If the largest consumers of AI compute are struggling to show output, maybe the infrastructure-spend forecasts that underpin the semiconductor trade deserve more scrutiny than they're getting.

Then there's the ETF signal Goldman flagged.

The 4.9 per cent ETF share of hedge fund long portfolios represents the highest level since the GFC.

Hedge funds — the people paid 2-and-20 to pick stocks — are buying S&P 500 index funds at a rate last seen in 2008. You don't need me to explain what that implies about their actual stock-picking confidence outside the mega-cap tech basket.

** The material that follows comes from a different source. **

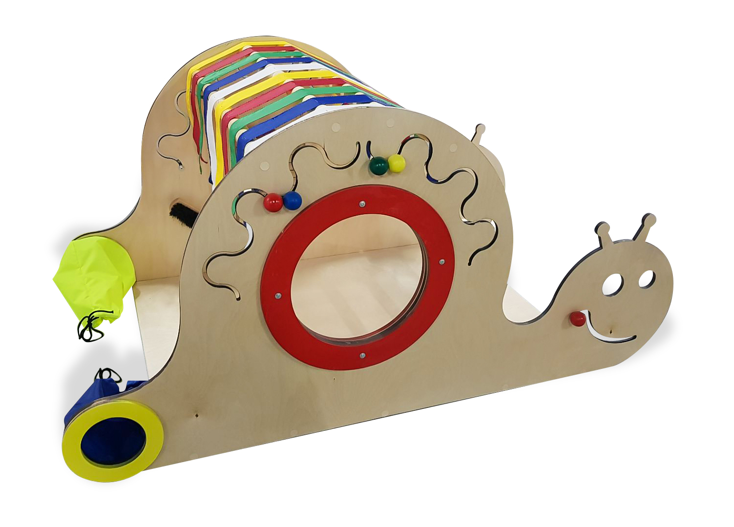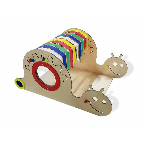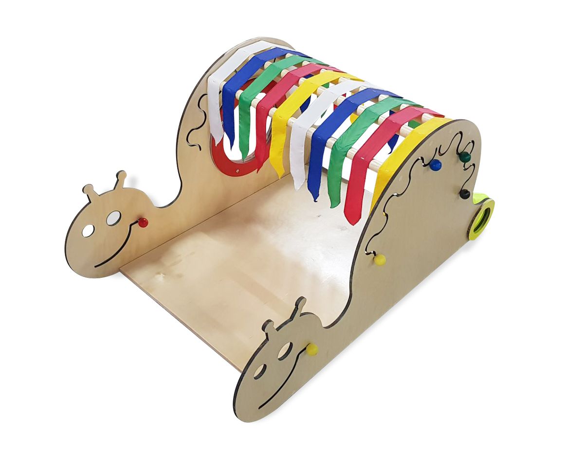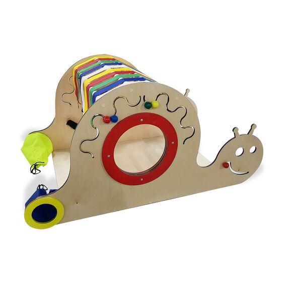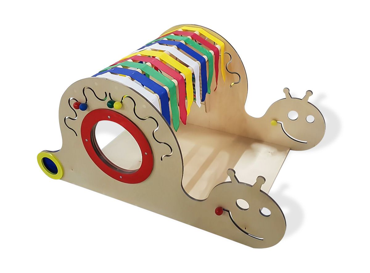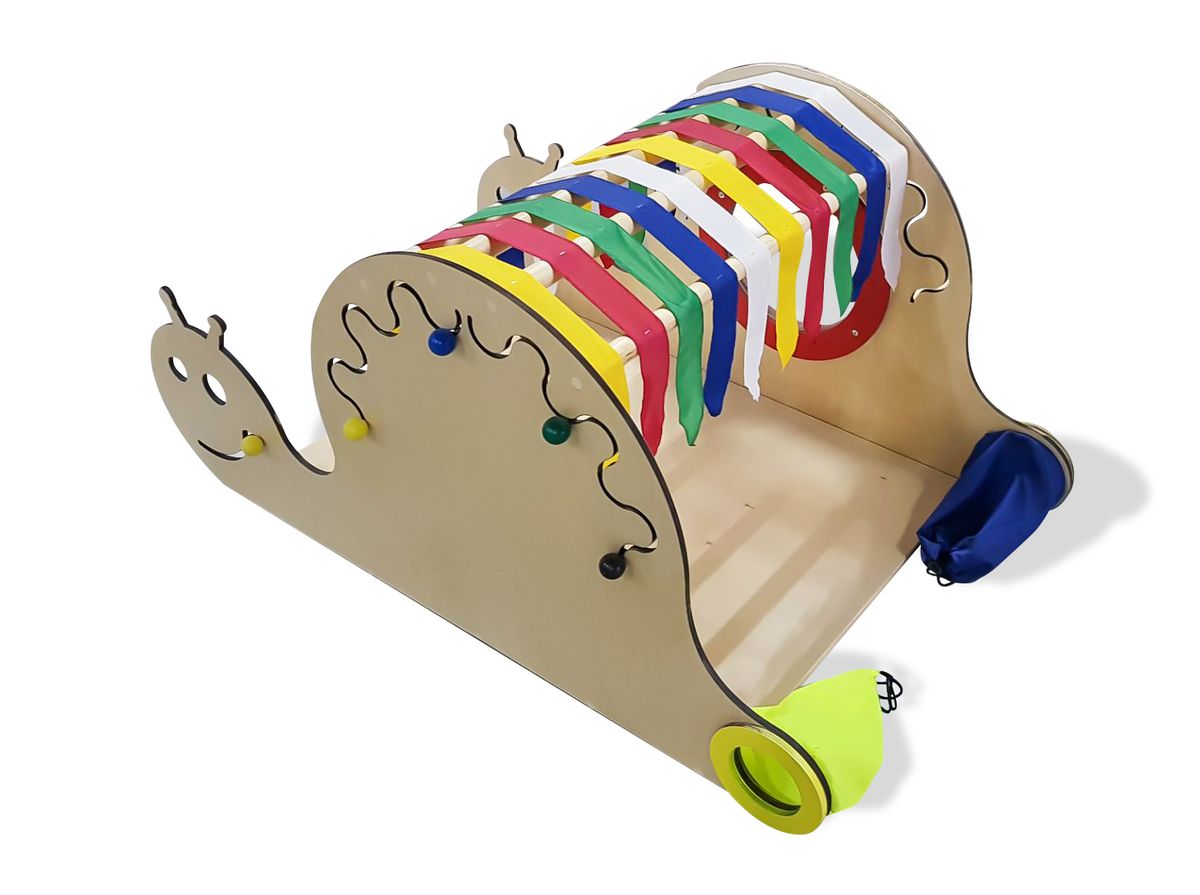 Комплекс имеет окно-иллюминатор, которое защищено специальной накладкой по краям. Он также содержит разноцветные флажки основных цветов изготовленные из качественного текстиля, а также контрастные вставки. Рот улитки, выполненный из лабиринта с передвижной деталью, находится с двух сторон. Такие же элемента размещены в разных частях комплекса. Также имеются мешочки, в которые можно положить предметы и предложить ребенку на ощупь отпределить их.
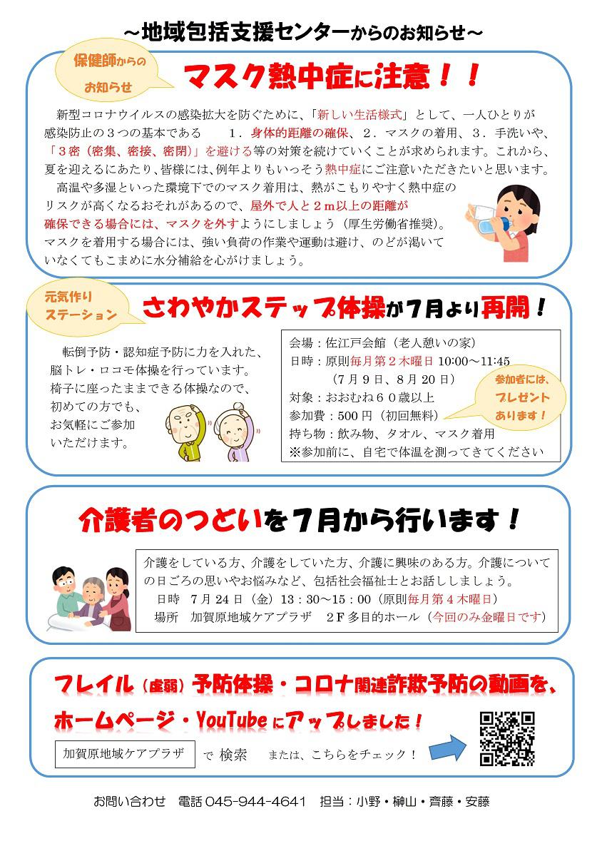 日頃、加賀原地域ケアプラザをご利用いただきありがとうございます。

What I'd tell a board right now

If I were sitting on an allocation committee, three questions would dominate.

One: how correlated is your manager roster? If your five "diversified" hedge fund allocations are all long Nvidia, AMAT, LRCX, and short software, you don't have five managers. You have one trade with five fee layers.

Two: what happens to AI capex when the demand side disappoints?

The key risk is that AI spending slows or a major customer cuts capex, causing earnings to miss and hedge funds to unwind crowded long positions fast.

Hyperscaler capex guidance is already doing enormous work holding up the entire semiconductor thesis. One bad quarter from Microsoft or Meta and the reflexive loop reverses.

Three: who owns the short book pain?

U.S. equity hedge funds have returned 7 per cent year-to-date through 21 May

, which sounds decent until you realise the S&P 500 is roughly flat and the Mag-7 are carrying the index. The longs are working. The shorts are bleeding. That's survivable right up until it isn't — and "right up until it isn't" is a phrase I associate with late-cycle positioning.

The uncomfortable conclusion

The hedge fund industry has made a record, leveraged, concentrated, one-directional bet on AI infrastructure at precisely the moment when crowding measures are flashing amber. The underlying thesis — that AI compute demand will grow for years — is probably correct. But "probably correct thesis" and "good risk-adjusted trade at current positioning" are not the same sentence. Ask anyone who was long fibre-optic cable in March 2000 whether the thesis was wrong. It wasn't. The price was.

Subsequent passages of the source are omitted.